Our next installment of bad evolutionary arguments comes courtesy of dang near half the commenters in the super-long debate thread in which I've been busily embarrassing the naturalist crowd.
I had asked what commenters' favorite lines of evidence for evolution was. A few responses showed that Hox genes were up there.
I asked neil, who has also done some commenting around here, to "explain how specifically this supports the idea that there *WAS* a common ancestor many billions of yrs ago". He answered:
Because of the pattern of those genes in living organisms. There is a clear predictable pattern of their distribution. Patterns of differences in sequence and duplications are perfectly consistent with what common ancestry predicts.
This is the same pattern repeated for other genes, ERVs, for pseudogenes (found out what they are yet?) etc.
So what's the big deal with Hox genes? They "(define) a region or position in the embryo", thus influencing more or less what parts grow where in the developing baby organism.
It's not my intention, nor is it very interesting to me, to re-summarise what Myers said in the linked article, but apparently evolutionists find it very significant that they can exercise their powers of assumption with Hox genes as their foil.
Just look at how Myers himself makes the running leap straight into midair:
There are also a few gaps; with duplication comes redundancy, and the possibility of deletion without detriment, and so we also see some examples of culling duplicates in our history.

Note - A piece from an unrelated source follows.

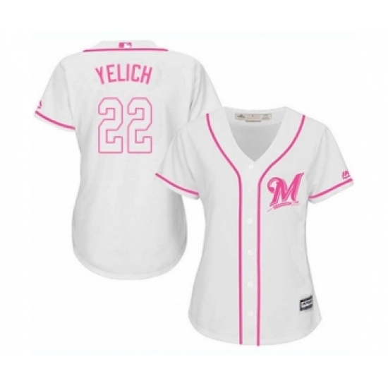 Women's Milwaukee Brewers #22 Christian Yelich Pink Fashion Stitched MLB Jersey

Speaking of history, one of the things we can do with a phylogenetic analysis of the Hox cluster is see fascinating aspects of our ancient history...The anteriormost and posteriormost genes in the complex are the most different from one another, so we can surmise that they diverged earliest, and have had the most time to accumulate differences.
To repeat, the question at hand here is this: Is the data best explained by the hypothesis that a Designer DID all this, or the hypothesis that unguided natural selection working on random mutations DID all this? We're asking about what happenED. Notice that there is no argument given to take us from Point A to Point B in this.
The fact - Hox genes exist.
The interpretation - They diverged early on.
But what about...?
The interpretation - The Designer made them that way. To almost quote neil, but to go ahead and take him to the logical conclusion he so fears, "Patterns of differences in sequence and duplications are perfectly consistent with what a Designer hypothesis predicts."
Only two answers have been given so far, and I'll discuss the other one in my next BEAR post.
For now, today's answer is perhaps best revealed by neil.
No not with what a designer predicts. Only with what a designer mimicking common descent would predict.
That is precisely the point. Neil here concedes that the data is just as well explained by a Designer.
It looks like it could have evolved. Sure, whatever, fine. A Designer could also have done it. When I ask for proof for evolution in the context of a debate about ID, I'm expecting you to share some of your "mountains of evidence" with me that could not just as easily be evidence for ID. Get to work.